Nuytinck J K, Goris J A, Redl H, Schlag G, van Munster P J
Arch Surg. 1986 Aug;121(8):886-90. doi: 10.1001/archsurg.1986.01400080028004.
In a series of 71 patients with trauma, we measured weekly the blood levels of a number of complement proteins and activation products. We also measured the following: leukocytes, platelets, granulocyte enzyme elastase, alpha 1-antitrypsin, total protein, albumin, haptoglobin, and fibronectin. The intensity of complement activation and the blood levels of elastase correlated with the following factors: injury severity (especially the severity of limb injury), development of adult respiratory distress syndrome, development and severity of multiple organ failure, and probability of a fatal outcome. The plasma elastase level seemed to be the best predictor of adult respiratory distress syndrome and the best correlate of injury severity and multiple organ failure severity. Our findings support the hypothesis that posttraumatic activation of the complement system leads to activation of granulocytes, followed by microvascular injury and finally by organ failure.

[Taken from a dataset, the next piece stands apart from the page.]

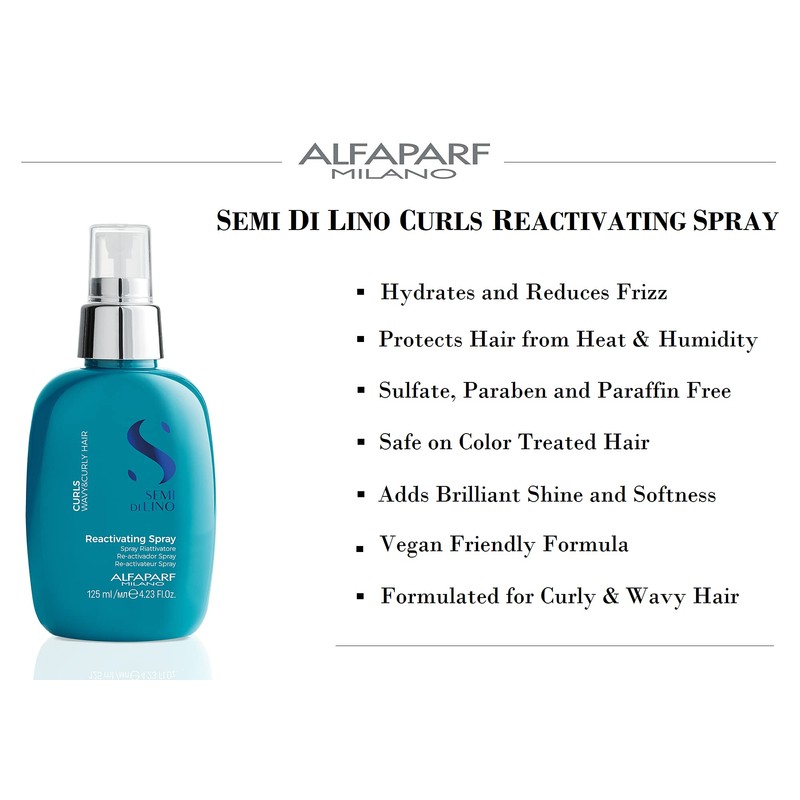 Alfaparf Milano Semi Di Lino Curls Reactivating Spray for Wavy and Curly Hair - Hydrates and Nourishes - Reduces Frizz - Humidity and Thermal Protection - Vegan-Friendly Formula - 4.23 fl. oz.

在一组71例创伤患者中,我们每周测量多种补体蛋白和激活产物的血液水平。我们还测量了以下指标:白细胞、血小板、粒细胞弹性蛋白酶、α1-抗胰蛋白酶、总蛋白、白蛋白、触珠蛋白和纤连蛋白。补体激活强度和弹性蛋白酶的血液水平与以下因素相关:损伤严重程度(尤其是肢体损伤的严重程度)、成人呼吸窘迫综合征的发生、多器官功能衰竭的发生和严重程度以及死亡结局的可能性。血浆弹性蛋白酶水平似乎是成人呼吸窘迫综合征的最佳预测指标,也是损伤严重程度和多器官功能衰竭严重程度的最佳相关指标。我们的研究结果支持以下假设:创伤后补体系统的激活导致粒细胞激活,随后是微血管损伤,最终导致器官衰竭。